The unemployment rate has tripled to 23.8% since the lockdown started on March 25, according to the Centre for Monitoring Indian Economy, a Mumbai-based research firm.
The Indian economy was now forecast to expand 1.5% in the fiscal year ending on March 31, 2021 – the weakest since 1991 and significantly lower than 3.6% predicted in late March. It probably grew 4.6% in the fiscal year that just ended.
Under a worst-case scenario, the median showed the economy shrinking 1.0% this fiscal year. That would be the first officially reported economic contraction for a 12-month period since GDP was reported to have contracted for calendar year 1979.

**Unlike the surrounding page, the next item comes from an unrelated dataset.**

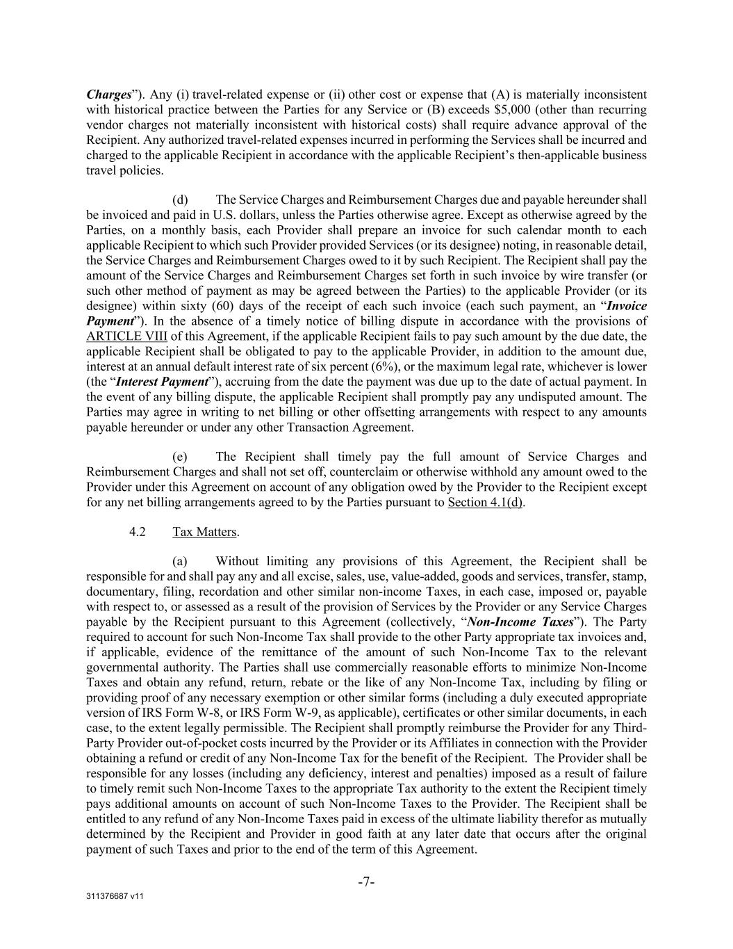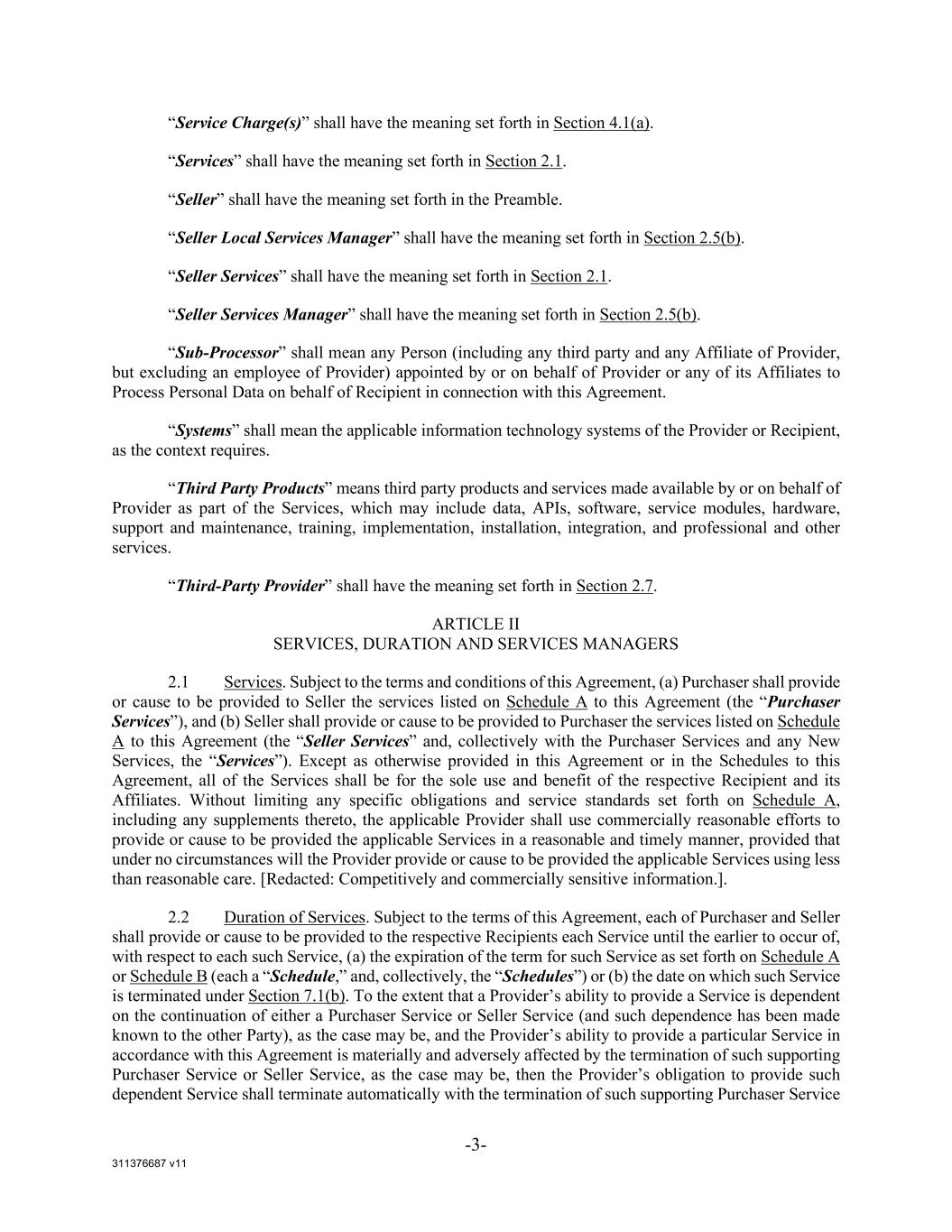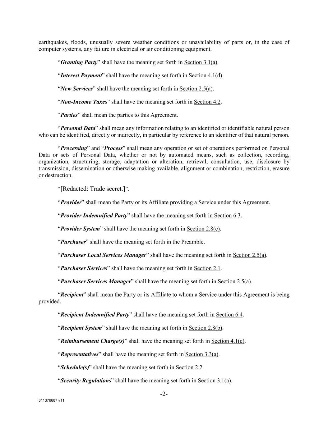 77 this Agreement and the other agreements contemplated hereby or consented to or requested by Seller or its Affiliates, (ix) any Effect that Seller had actual knowledge of as of the date of this Agreement, (x) any Effect resulting from any breach of this Agreement by Seller and (xi) any Effect that is cured prior to the Closing; provided that any state of facts, circumstance, condition, change, event or effect set forth in clauses (i), (ii), (iii), (v) or (vi) of this definition shall be taken into account in determining whether there has been or would reasonably be expected to be a Purchaser Material Adverse Effect to the extent such state of facts, circumstance, condition, change, event or effect has a disproportionate impact on Purchaser and its Subsidiaries, taken as a whole, relative to other Persons in the industry in which Purchaser and its Subsidiaries operate. 11.43 “Securities” means shares of capital stock, units, membership interests or other outstanding equity interests or securities. 11.44 “Specified Accounts Receivable” means any accounts receivable outstanding as of the Closing to the extent such accounts receivable relate solely to (a) Contracts (other than Specified Excluded Contracts) for the provision of services of the Business or the Transferred Subsidiary, (b) the provision of services of the Business or the Transferred Subsidiary under such Contracts and (c) the provision of such services of the Business or the Transferred Subsidiary that are to be performed prior to the Expiration Date. 11.45 “Specified Excluded Contracts” means, collectively, that certain (a) Strategic Framework Agreement, dated as of November 16, 2023, by and between Seller and the [Redacted: Proprietary customer data and subject to third party confidentiality obligations.] (as amended) and (b) Contract (No. [Redacted: Proprietary customer data and subject to third party confidentiality obligations.]), dated as of March 31, 2023, by and between Seller and [Redacted: Proprietary customer data and subject to third party confidentiality obligations.]. 11.46 “Straddle Period” means any Tax period beginning before or on the Closing Date and ending after the Closing Date. 11.47 “Subsidiary” of any Person means a corporation, company or other entity (a) more than fifty percent (50%) of whose outstanding shares or Securities (representing the right to vote for the election of directors or other managing authority of such Person) are, or (b) which does not have outstanding shares or Securities (as may be the case in a partnership, limited liability company, joint venture or unincorporated association), but more than fifty percent (50%) of whose ownership interest representing the right to make decisions for such entity is, now or hereafter owned or controlled, directly or indirectly, by such Person, but such corporation, company or other entity shall be deemed to be a Subsidiary only so long as such ownership or control exists. 11.48 “Tax” (and collectively “Taxes”) means: any national, federal, state, local, municipal, foreign, or other tax, charge, fee, duty (including stamp duty and customs duty), levy, or assessment, including any income, gross receipts, net proceeds, alternative or add-on minimum, corporation, ad valorem, turnover, real property, personal property (tangible or intangible), sales, use, franchise, excise, value added, stamp, leasing, lease, user, transfer, fuel, excess profits, profits, occupational, premium, interest equalization, windfall profits, severance, license, registration, payroll, environmental, unclaimed property, capital stock, capital duty, disability, estimated gains, capital, indirect capital gains, wealth, welfare, employee’s income withholding, other withholding, unemployment, equalization levy, or social security tax, or any other tax of whatever kind (including for the avoidance of doubt, any amount required to be refunded to such an authority, body, court, tribunal or official in respect of the temporary wage subsidy or wage subsidy payment as referred to in the Emergency Measures in the Public Interest (COVID-19) Act 2020 or Financial Provisions (COVID-19) (No. 2) Act 2020 respectively,
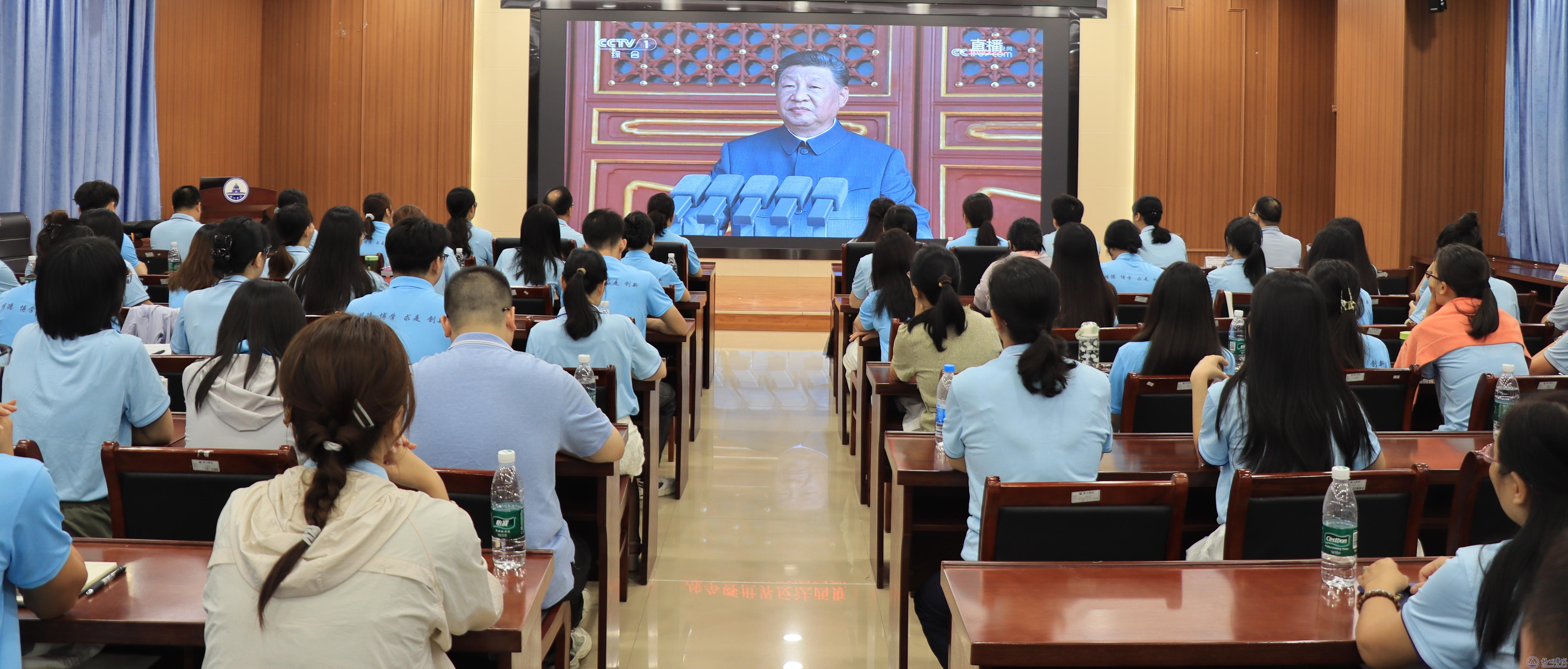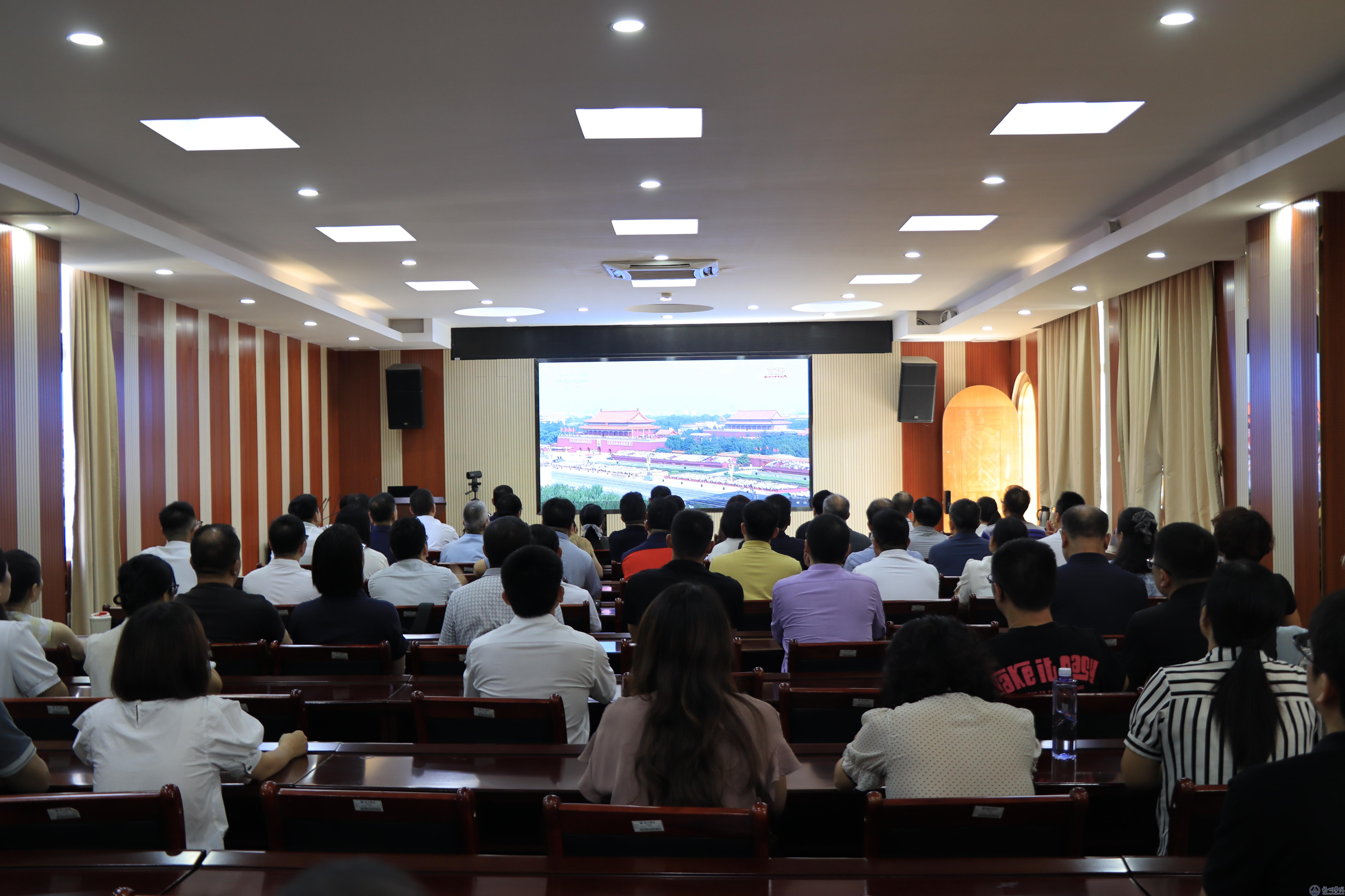 9月3日上午,纪念中国人民抗日战争暨世界反法西斯战争胜利80周年大会在北京天安门广场隆重举行,中共中央总书记、国家主席、中央军委主席习近平发表重要讲话并检阅受阅部队。学校组织师生代表在明理楼七楼视频会议、明科楼学术报告厅认真收听收看,学校党委书记童晓晖,副校长覃雄彪、范生汝、莫晨宇到场收看。广大师生员工通过电视、网络等多渠道收听收看大会实况,深入学习习近平总书记重要讲话精神,共同见证庄严时刻,铭记历史、缅怀先烈,珍爱和平、开创未来。

“Unless fiscal policy is also loosened aggressively alongside monetary policy, there is a big risk the drastic economic slowdown currently underway morphs into an annual contraction in output and that the recovery is hampered,” said Shilan Shah, senior India economist at Capital Economics.
All 37 economists who answered a separate question unanimously said the RBI would follow up with more easing, including lowering the repo and reverse repo rates and expanding the new long-term loans programme.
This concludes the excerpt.